* Try it
When you transcribe the listing that follows, keep every line exact and skip any picture.

+++ Information supplied +++

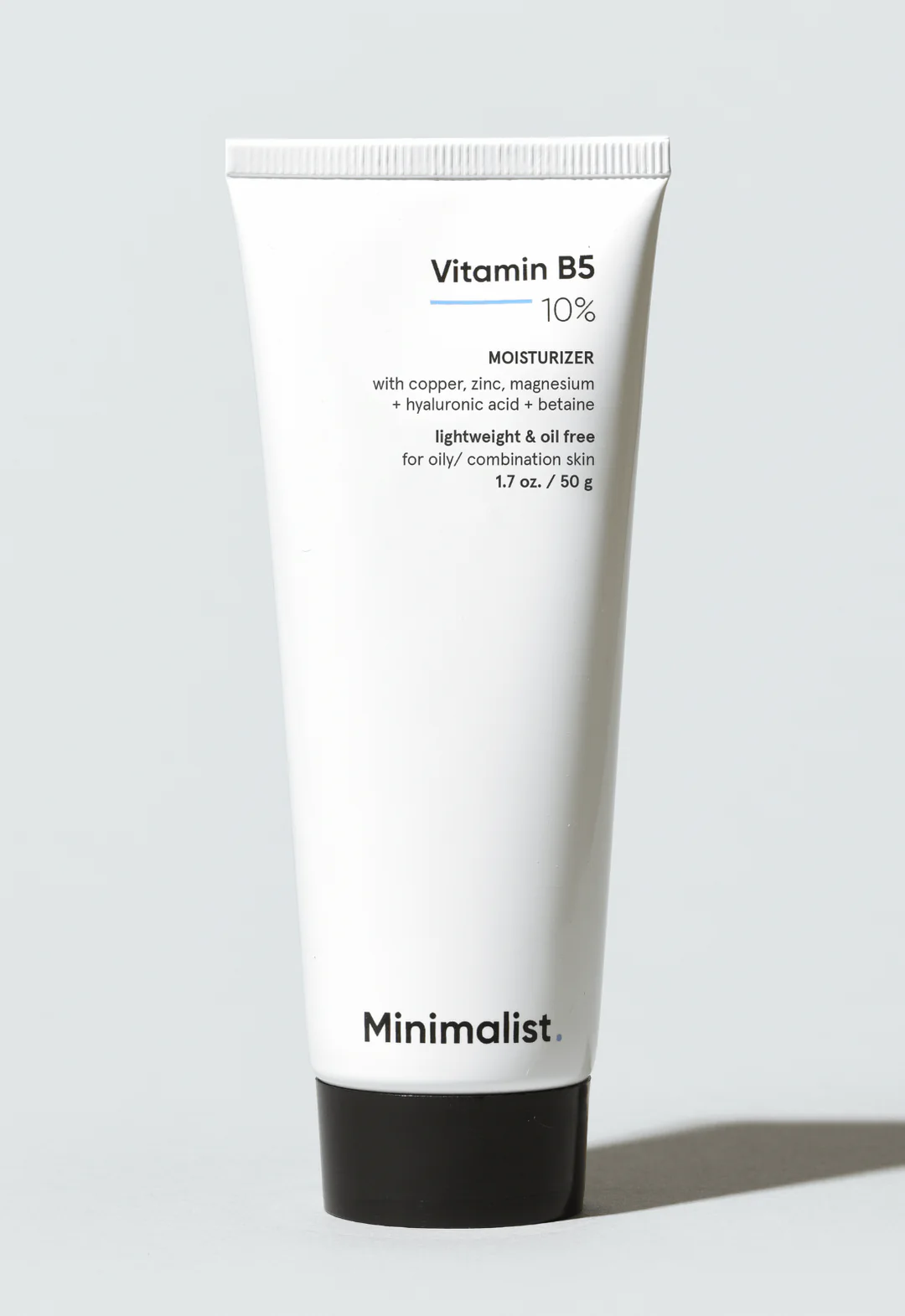 Le gel hydratant minimaliste à la vitamine B5 (10 %) est un soin léger et non gras, conçu pour hydrater et réparer la peau en profondeur sans laisser de film gras. Formulé avec 10 % de vitamine B5 (panthénol), ce gel booste l’hydratation tout en apaisant et renforçant la barrière cutanée, ce qui le rend idéal pour les peaux grasses, mixtes, à tendance acnéique et sensibles. Enrichie en acide hyaluronique, zinc, cuivre et magnésium, sa formule aide également à protéger la peau des radicaux libres et contribue à un teint plus net et hydraté.
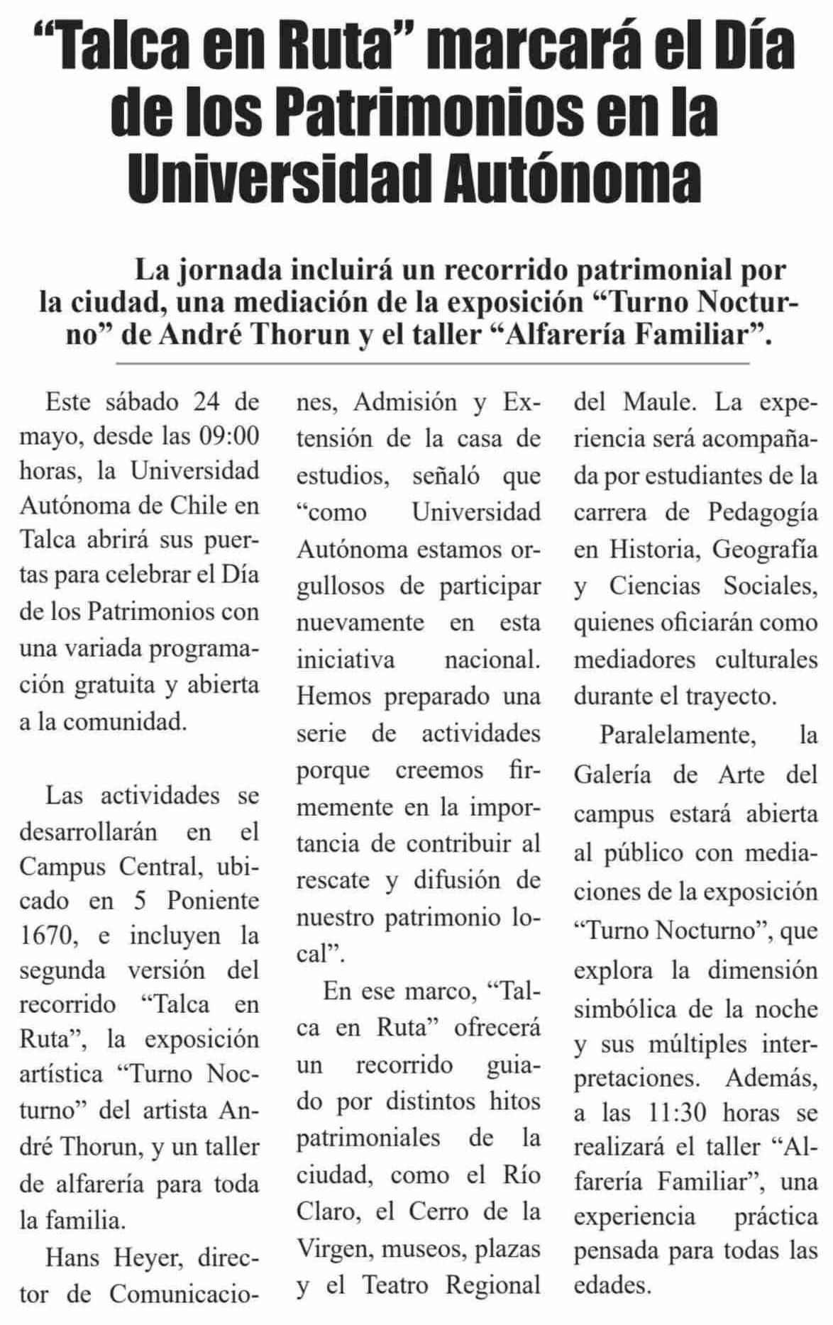 “Talca en Ruta” marcará el Día de los Patrimonios en la Universidad Autónoma 24-05-2025 El Heraldo |
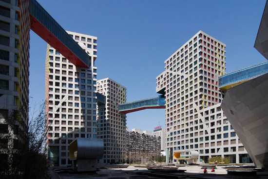 从2003年至今,斯蒂文·霍尔建筑师事务所一直致力于中国新复合体建筑的研究与设计,他们不仅通过对材质的实验及开发利用,进行了光线与感官现象的研究;而且充分利用了地热制冷与采暖、太阳能光伏电板和中水回收利用等绿化策略。为了让更多人关注新建筑复合体的发展趋势。霍尔在接受美国时代周刊采访时说:“我之所以在中国工作,主要原因是可以自由展望、了解21 世纪的建筑远景,比如可持续性能源体系和综合型都市。美国房地产开发商一定得来中国,亲眼看看真正的可持续能源体系在北京是如何实现的。”

+++

* Final answer
 Le gel hydratant minimaliste à la vitamine B5 (10 %) est un soin léger et non gras, conçu pour hydrater et réparer la peau en profondeur sans laisser de film gras. Formulé avec 10 % de vitamine B5 (panthénol), ce gel booste l’hydratation tout en apaisant et renforçant la barrière cutanée, ce qui le rend idéal pour les peaux grasses, mixtes, à tendance acnéique et sensibles. Enrichie en acide hyaluronique, zinc, cuivre et magnésium, sa formule aide également à protéger la peau des radicaux libres et contribue à un teint plus net et hydraté.
 “Talca en Ruta” marcará el Día de los Patrimonios en la Universidad Autónoma 24-05-2025 El Heraldo |
 从2003年至今,斯蒂文·霍尔建筑师事务所一直致力于中国新复合体建筑的研究与设计,他们不仅通过对材质的实验及开发利用,进行了光线与感官现象的研究;而且充分利用了地热制冷与采暖、太阳能光伏电板和中水回收利用等绿化策略。为了让更多人关注新建筑复合体的发展趋势。霍尔在接受美国时代周刊采访时说:“我之所以在中国工作,主要原因是可以自由展望、了解21 世纪的建筑远景,比如可持续性能源体系和综合型都市。美国房地产开发商一定得来中国,亲眼看看真正的可持续能源体系在北京是如何实现的。”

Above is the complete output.